*Aim of the task*:
What you write must match, character for character, the lines from the one with "Excel in your" down to the one with "경우 취소가 불가능합니다." in the listing below, minus its pictures.

━━━━━ Data to use ━━━━━

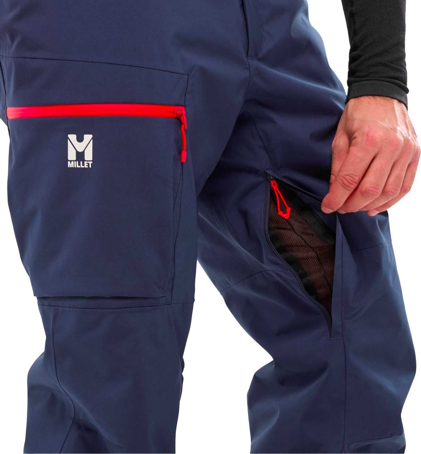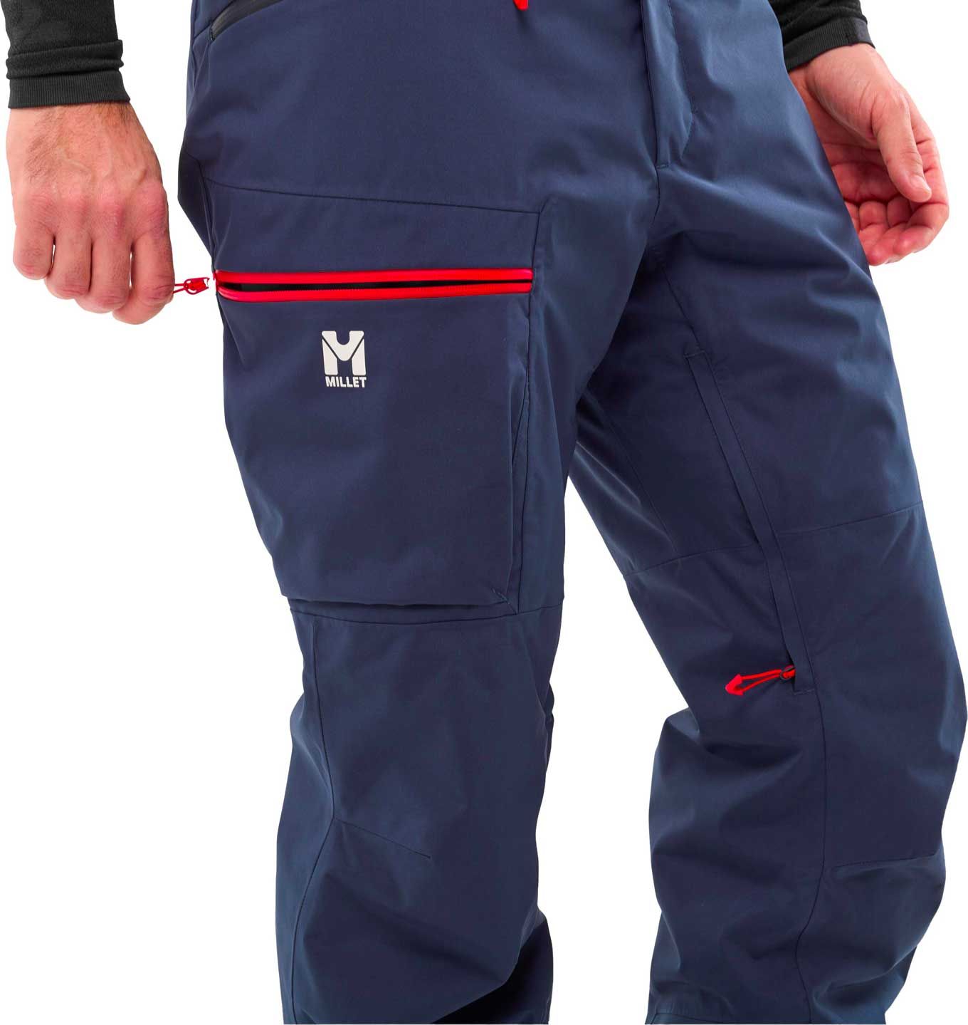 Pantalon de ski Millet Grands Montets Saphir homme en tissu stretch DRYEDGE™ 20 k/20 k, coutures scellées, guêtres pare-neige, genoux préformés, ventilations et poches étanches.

━━━━━
━━━━━ Data to use ━━━━━

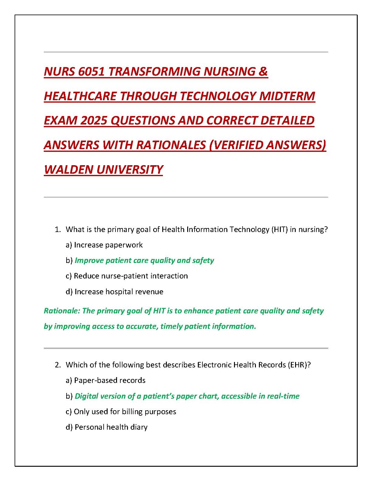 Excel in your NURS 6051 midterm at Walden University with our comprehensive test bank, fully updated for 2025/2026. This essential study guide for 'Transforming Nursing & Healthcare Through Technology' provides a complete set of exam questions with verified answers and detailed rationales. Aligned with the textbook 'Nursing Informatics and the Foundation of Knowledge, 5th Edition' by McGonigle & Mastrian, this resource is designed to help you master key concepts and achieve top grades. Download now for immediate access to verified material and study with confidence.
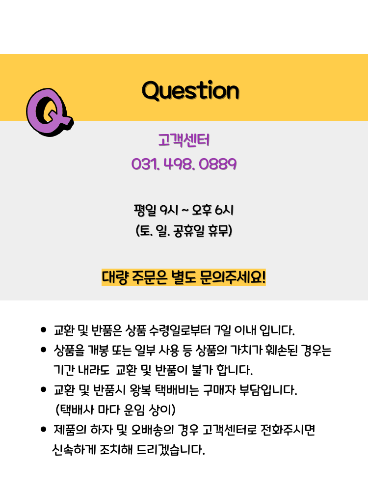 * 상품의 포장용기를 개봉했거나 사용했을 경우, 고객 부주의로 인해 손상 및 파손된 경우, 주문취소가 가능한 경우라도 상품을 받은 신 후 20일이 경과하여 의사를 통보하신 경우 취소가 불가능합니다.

━━━━━
━━━━━ Data to use ━━━━━

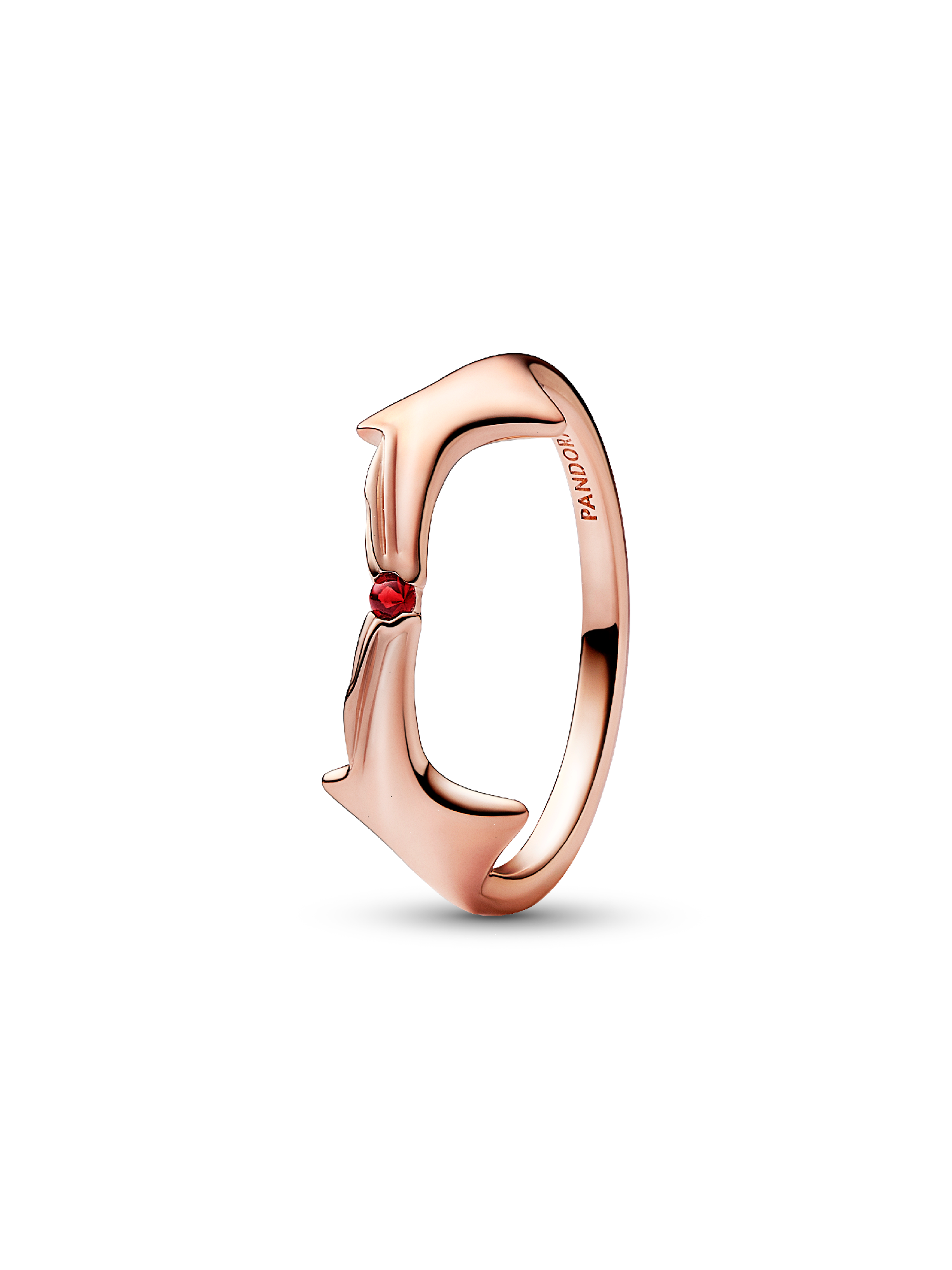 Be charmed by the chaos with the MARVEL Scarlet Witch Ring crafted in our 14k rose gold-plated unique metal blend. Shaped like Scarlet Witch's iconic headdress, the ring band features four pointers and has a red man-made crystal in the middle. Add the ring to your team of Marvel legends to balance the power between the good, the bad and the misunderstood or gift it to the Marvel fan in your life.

━━━━━

*Solution for this problem*:
 Excel in your NURS 6051 midterm at Walden University with our comprehensive test bank, fully updated for 2025/2026. This essential study guide for 'Transforming Nursing & Healthcare Through Technology' provides a complete set of exam questions with verified answers and detailed rationales. Aligned with the textbook 'Nursing Informatics and the Foundation of Knowledge, 5th Edition' by McGonigle & Mastrian, this resource is designed to help you master key concepts and achieve top grades. Download now for immediate access to verified material and study with confidence.
 * 상품의 포장용기를 개봉했거나 사용했을 경우, 고객 부주의로 인해 손상 및 파손된 경우, 주문취소가 가능한 경우라도 상품을 받은 신 후 20일이 경과하여 의사를 통보하신 경우 취소가 불가능합니다.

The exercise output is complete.